Satpol PP Balangan Sidak di Gedung Budaya Balangan

OPERASI mendadak di Gedung Budaya Kabupaten Balangan.| foto : istimewa

PARINGIN - Menindaklanjuti laporan warga tentang Gedung Budaya yang dijadikan tempat berkumpul anak muda dan terindikasi menjadi tempat meminum minuman keras, petugas Satuan Polisi Pamong Praja (Satpol PP) Kabupaten Balangan beserta gabungan dari TNI dan Polri melakukan Operasi Mendadak (Sidak) ke Gedung Budaya yang berlokasi di Garuda Maharam, tepatnya Jalan Lingkar Gunung Pandau, Sabtu (10/9/2022).
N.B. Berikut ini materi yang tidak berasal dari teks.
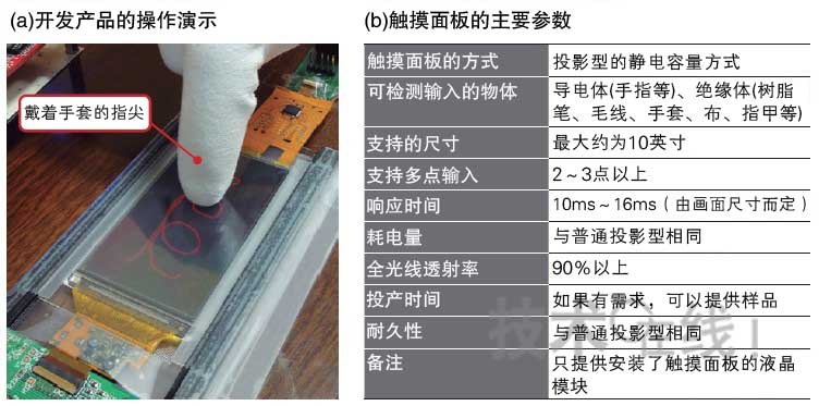 除了可以用絕緣物輸入的特點(diǎn)以外,在具有10ms~16ms的響應(yīng)時間、90%以上的全光線透射率以及耗電量和耐久性等方面,此次開發(fā)的產(chǎn)品與普通的投影型性能相同。在檢測控制方面,可使用原來用于投影型的控制器IC。

Saat sidak dilakukan, banyak didapati aset gedung rusak dan botol bekas minuman keras yang ditemukan di sekitar gedung tersebut.

Kepala Satuan Polisi Pamong Praja (Satpol PP) Balangan, Nor Aspariah melalui Kabid Penegakkan Perda, Hedy Mulyawan menindaklanjuti laporan tersebut untuk melakukan Operasi Mendadak (Sidak) yang berlokasikan di Gedung Budaya.
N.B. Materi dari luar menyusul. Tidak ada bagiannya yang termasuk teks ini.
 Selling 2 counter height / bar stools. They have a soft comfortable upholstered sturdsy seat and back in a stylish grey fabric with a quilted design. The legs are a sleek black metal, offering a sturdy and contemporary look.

Hedy Mulyawan, Kabid Penegakkan Perda Satpol PP mengatakan, banyak sekali temuan saat di lokasi sidak, dikarenakan laporan dari masyarakat yang meliat banyaknya anak muda berkumpul di gedung tersebut.

"Kami lakukan sidak ini dikerenakan banyak sekali aduan dari masyarakat perihal anak muda yang sering sekali nongkrong dan berpacaran di sana, jadi kami lakukan sidak kelokasi langsung," terang Hedy, Kamis (15/9/2022).

Hedy menambahkan, banyak sekali temuan aset yang mengalami kerusakan serta sampah yang berserak di luar maupun di dalam gedung akibat jarang digunakannya bangunan tersebut.

"Saat kami lakukan sidak, kami banyak menemukan aset digedung yang mengalami kerusakan, dan juga banyak sekali sampah-sampah yang berserakan di luar maupun di dalam ruangan, termasuk botol bekas minuman keras," tambah Hedy.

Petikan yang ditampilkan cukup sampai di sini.